Agents can now generate more code than humans can responsibly read. Not someday. Now. The new bottleneck is not typing. It is not even implementation. It is deciding whether the work was the right work, constrained in the right way, verified with enough evidence, rolled out with enough care, and owned after it lands.

So code review is becoming work review.

That does not mean “stop reading code.” It means line-by-line review is no longer the default scarce human act. The scarce act is judgment over the whole unit of work.

TL;DR

Agents increase code volume faster than human review capacity.
Reading every generated line is not a strategy. It is a coping mechanism with a time limit.
Humans should move more review upstream and outward: intent, constraints, acceptance criteria, permissions, verification, rollout, observability, rollback, and ownership.
Code still needs human review when the blast radius is high: auth, payments, data loss, security, infrastructure, migrations, irreversible operations.
Agents can review syntax, style, test gaps, common bugs, consistency, and even adversarial cases. Humans still own what matters, what risk is acceptable, and what proof is enough.
The next review culture will reward engineers who can specify, constrain, verify, and operate work, not engineers who heroically skim giant diffs at 11 p.m.

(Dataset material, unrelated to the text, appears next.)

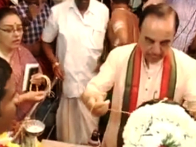 தாலியை கையில் வாங்கி, கண்ணை மூடி சாமி கும்பிடுவதைப் போல, பாவனை செய்த சுப்ரமணியன் சுவாமி, மணமகனிடம் தாலியை கொடுப்பதற்கு பதிலாக, தானே மணப்பெண்ணுக்கு தாலிகட்ட சுப்ரமணியன் சுவாமி முற்பட்டார். இதனால், அங்கிருந்தவர்கள் அனைவரும் அதிர்ச்சி அடைந்தனர்.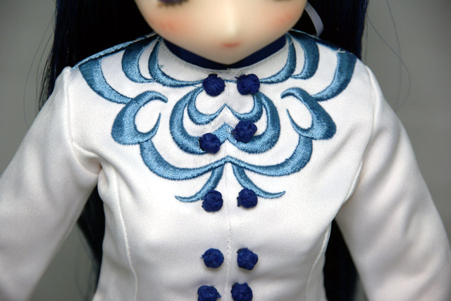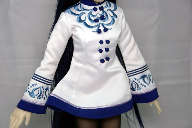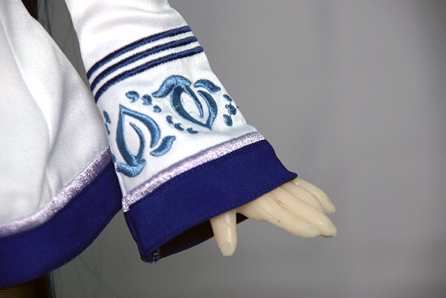 服は桃歌台学園制服を再現したもので、胸元や腕の部分の細かい刺繍などもプリントではなく、きちんと実際に刺繍されています。

Code review expands into work review

The line-by-line model is breaking

The old code review model assumed a manageable amount of code.

A developer works on a change. They open a PR. Another developer reads the diff, leaves comments, asks for tests, checks for weird edge cases, and eventually approves. It is a decent system when the unit of work is human-paced and the reviewer has enough context to understand it.

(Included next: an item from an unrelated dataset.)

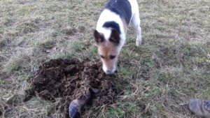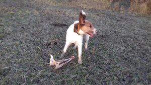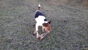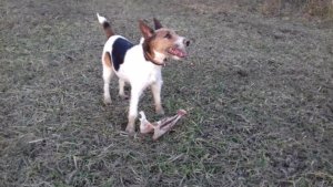Egyszer csak kiáltást hallottam a 16-ostól. Gazdi hívott, hogy menjek gyorsan. Átvágtam az erdősávon, és elhűlve láttam, hogy Spy mit talált. Egy patás lábszárat, még az előző vadászatból. Miután kitúrta a trágyakupacból, – nem tudom milyen szerencsecsomag tette pont oda-, elkocogott vele, és gondosan elrejtette.

That assumption is rotting.

When agents join the workflow, output volume jumps. A single engineer can run multiple implementation sessions in parallel. One agent fixes tests while another adds an endpoint while a third refactors a component. Even without full autonomy, the number of diffs per engineer rises. The reviewer does not get a second brain for free. They get a queue.

Latent.Space’s “How to Kill the Code Review” makes the uncomfortable version of this argument: teams already struggled to keep up with human-written review queues, and AI increases both the number and size of changes. The proposed answer is to move human review upstream to specs, plans, constraints, acceptance criteria, verification rules, permissions, and adversarial checks.

I agree with the direction, but I would phrase it less theatrically.

Code review is not dead. It is being demoted.

The diff is still evidence. It is just not the whole trial.

If a reviewer opens a 900-line agent-generated PR and starts scrolling for vibes, the process has already failed. The question should have been asked before the code existed: what problem is this solving, what is allowed to change, what must not change, how will we prove it works, how will we reverse it, and who owns the outcome?

Without those answers, line comments are busywork with a moral costume.

Code review checks the artifact. Work review checks the job.

Code review asks: is this code acceptable?

Work review asks: was this work defined, bounded, verified, shipped, and owned correctly?

That sounds like a broader process phrase. It is more concrete than that. A good work review can be run from a PR, issue, design doc, deployment plan, CI run, eval report, production dashboard, and rollback note. The code is one artifact among several.

The unit of review moves from “this diff” to “this change in the world.”

For an agent-generated migration that touches billing records, the code is the least interesting part to review first. I want to know the invariant, the dry run result, the backup plan, the exact permission boundary, the affected accounts, the idempotency story, the rollback path, the monitoring query, and the person who will watch it after deploy. Then I will read the code.

Humans are bad at evaluating risk after they have been hypnotized by implementation detail. Agents make this worse because they can produce plausible code at industrial speed. Plausible is dangerous. Plausible invites the reviewer to ask “does this look right?” instead of “what would make this unacceptable?”

Work review starts with unacceptable.

The checklist I want before I trust the diff

Here is the checklist I want for agent-heavy work. Not every item needs a ceremony. Every item needs an answer proportional to risk.

Problem. What user, system, or business problem is this change supposed to solve? “Refactor X” is not enough unless the problem is maintainability and the acceptance criteria make that concrete.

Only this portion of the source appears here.